The temporary ileostomy allows what remains of the rectum, the J-pouch, and the colon to heal. Then, after a period of 3-6 months, a second surgery will be scheduled to reverse the stoma, reconnect the ilium to the large intestine, and allow the body to defecate in a normal manner. Normal? Well, I guess I'll just have to wait and see what kind of quality of life there will be, whether there is a temporary ileostomy or not. I expect there to be some problems, but I'll do whatever I can to promote healing and improve my chances for good quality of life.

After surgery, I'll remain in hospital for about 8 days, followed by recovery of another 5-10 weeks at home. Just 3 weeks after surgery, I'll be meeting with the medical oncologist to discuss the chemotherapy protocol we'll be following. This third and, I hope, final stage of treatment will take up to 6 months.

This all assumes there are no complications, the most common of which is thrombosis in the legs. I will be given blood thinners prior to surgery to help prevent that eventuality. But I have this covered ;>)

I asked the surgeon to humour me for a minute. Then, I explained how research has shown that patients under anesthesia, when given a verbal suggestion by the surgeon that they will recover more quickly than normal, do just that. So, smiling, he assured me that as soon as I was completely under, he will come around the surgical table to tell me that I will recover quickly, then he'll start his real job.

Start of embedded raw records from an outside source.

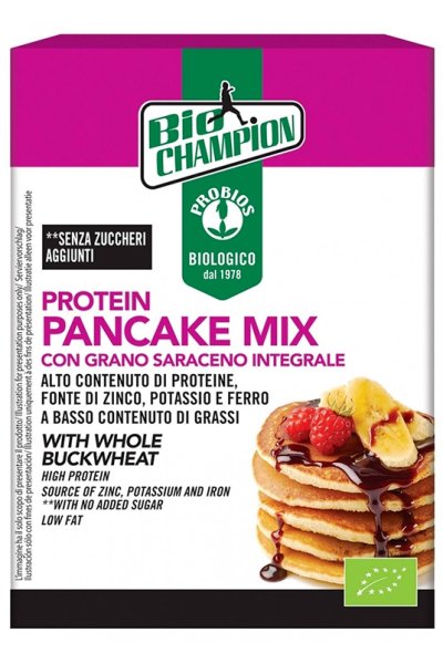 Preparato per pancake ad alto contenuto di proteine e fonte di fibre, a base di farina di fave e grano saraceno integrale. Perfetto per aumentare la quota proteica della colazione, ideale per gli amanti di uno stile di vita dinamico. Fonte di zinco, potassio e ferro, è senza zuccheri aggiunti e senza glutine , perfetto anche per chi segue un'alimentazione vegan. Ingredienti
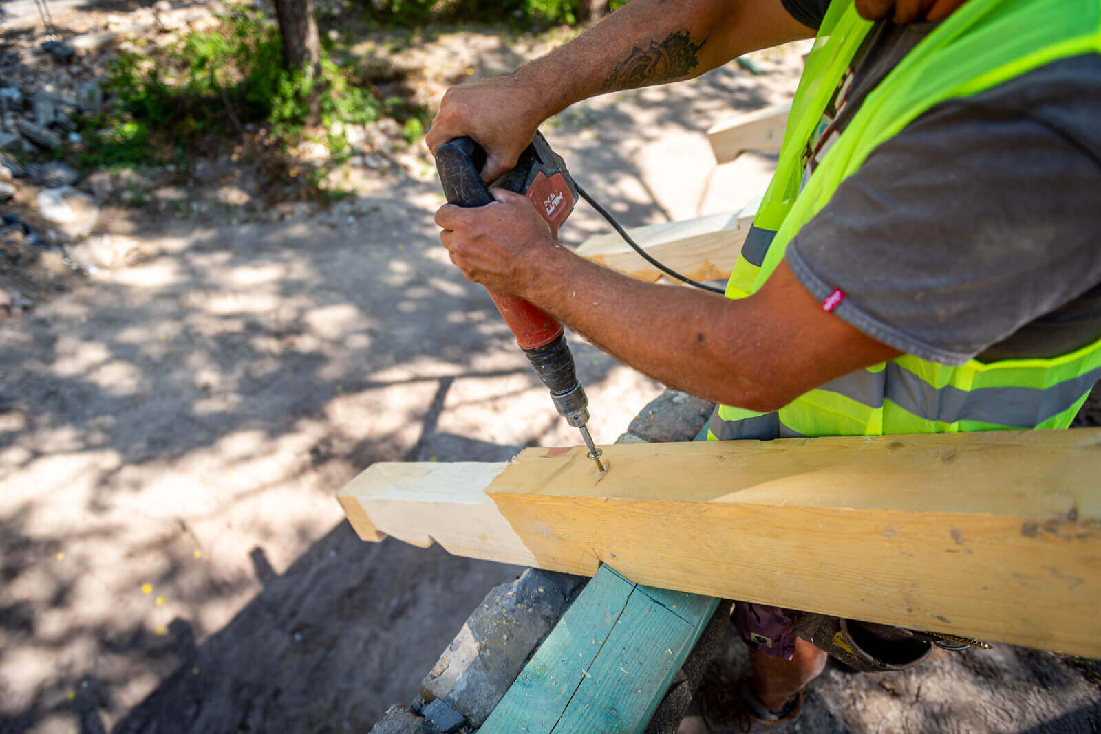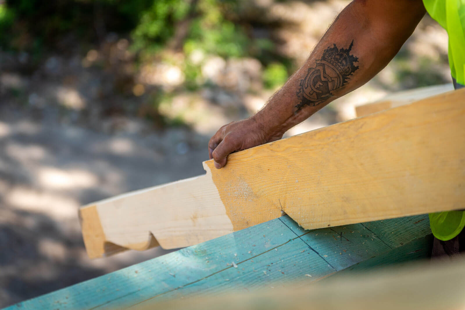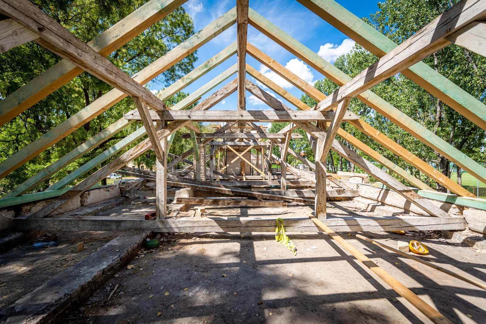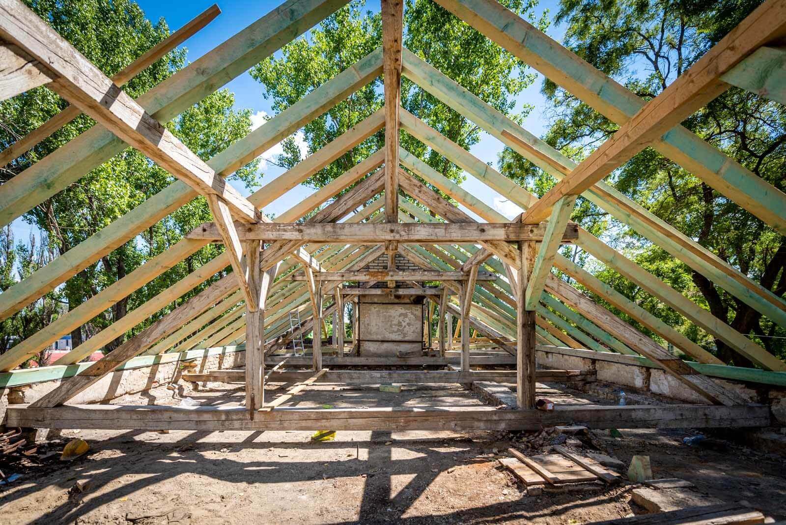 Mind a szarufák, mind a a kötőgerendák, mind a talpgerendák az eredeti méretekben, stílusban és faragásokkal készülnek el, jelentős utánajárás után. Csak a legnagyobb elemeknél használnak többelemű, ragasztott fa megoldásokat.
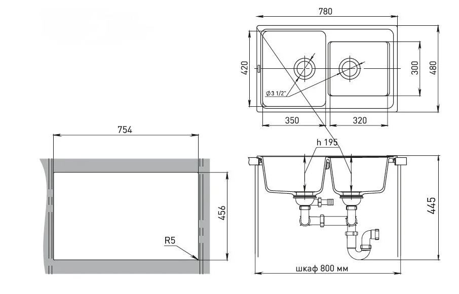 Комплектация: шаблон, крепежи, силиконовый клей, сифон
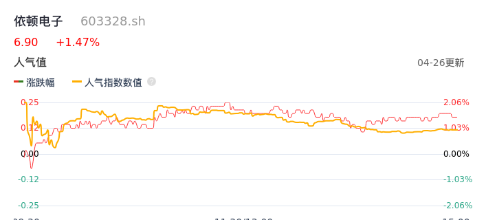 04月26日,依顿电子收报6.90,股价涨幅1.47%,成交金额8287.33万元,换手率1.21%。
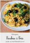 Van dit populaire kabeljauwrecept wordt gezegd dat het is verzonnen door een herbergier, Brás of Braz geheten, die een taverne had in de Bairo Alto (oude wijk) in Lissabon. Het recept is eenvoudig te maken en bijzonder smakelijk. Het is zo populair dat het zelfs tot in Spanje op de menukaart prijkt als ‘Revuelto de bacalao a la Portuguesa’ (roerei van bacalhau op z’n Portugees)
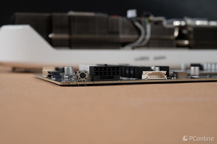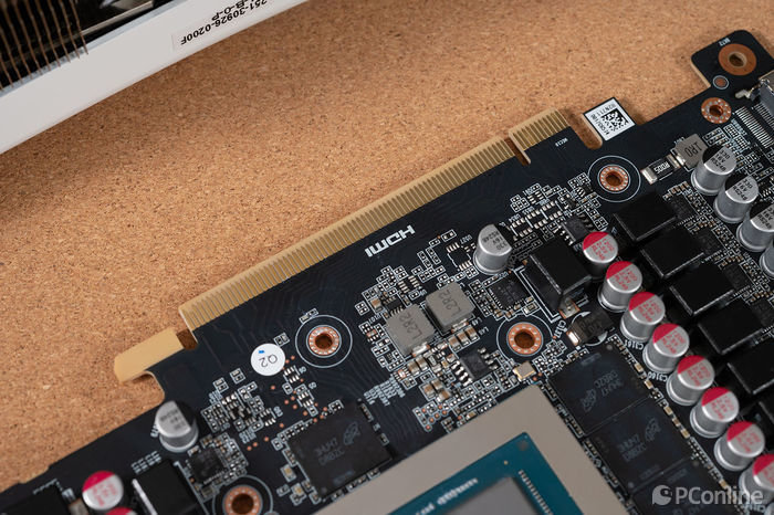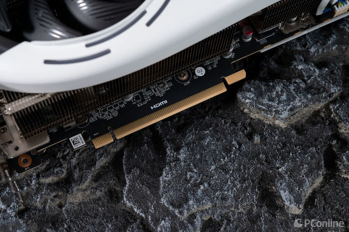显卡底部还可以看到显卡的PCIe金手指,标准的PCIe 4.0 x 16速率,它可以为显卡提供更快的传输速度。

But my job, between now and then, is to enjoy myself, eat well, do those progressive relaxation exercises, think positively, imagine good outcomes, exercise, and prepare for my recovery.

Powered By Qumana

Saturday, March 04, 2006

An Unwanted Journey: Day 0100 - Friends and Family



Some people surprise you, others don't. Some people know what to say, when to say it, and when to be quiet. Others don't know what to say, or say too much, or say something and don't mean it. That's just the way it is.

The real trick is in handling myself. After all, I can't control other people, not directly at least. Most of the time, I can't even seem to control myself. But, when I pause and reflect, when I practice mental monitoring, progressive relaxation and other self-help techniques, sometimes I can make a difference.

Friends - I have a few who are or have gone through tough times. Maybe not surprisingly they are the ones who seem to say or do the appropriate thing when confronted with my battle with cancer. In turn, I can sometimes listen more empathetically to them when they decide to share their own troubles with me. As Shel Israel might say, it's about conversation...yes, but it's also about compassion. The give-and-take, whether skilled or not, makes the compassion easier.

Family - I have a large family, some of whom write, call, or otherwise make it clear that they share concern for my wellbeing. Some are remarkably capable in knowing what to say and how to say it. Others are not experienced or skilled or, perhaps, even aware that something should be said. That's just the way it is.

But for those this week who wrote, called, took me out for coffee and a chat, prayed, or even gave some thought, thanks.

Technorati Tags : , , , , ,

Powered By Qumana

Wednesday, March 01, 2006

An Unwanted Journey: Day 0097 - Music and Memory




It is definitely my favourite Star Trek - The Next Generation episode - "The Inner Light". In this 1992 (Episode #125, Stardate: 45944.1) hour-long episode, the Enterprise detects a probe which establishes a link with Captain Picard for about 25 minutes. During that length of time, Picard "remembers" his life as Kamin on the planet of Kataan, married to Eline. During his lifetime there, three momentous things happen to him. Kamin and his wife have two children. His scientific research leads him to conclude that their sun will soon supernova, thereby obliterating all life in the star system. And Kamin learns to play the Ressikan flute.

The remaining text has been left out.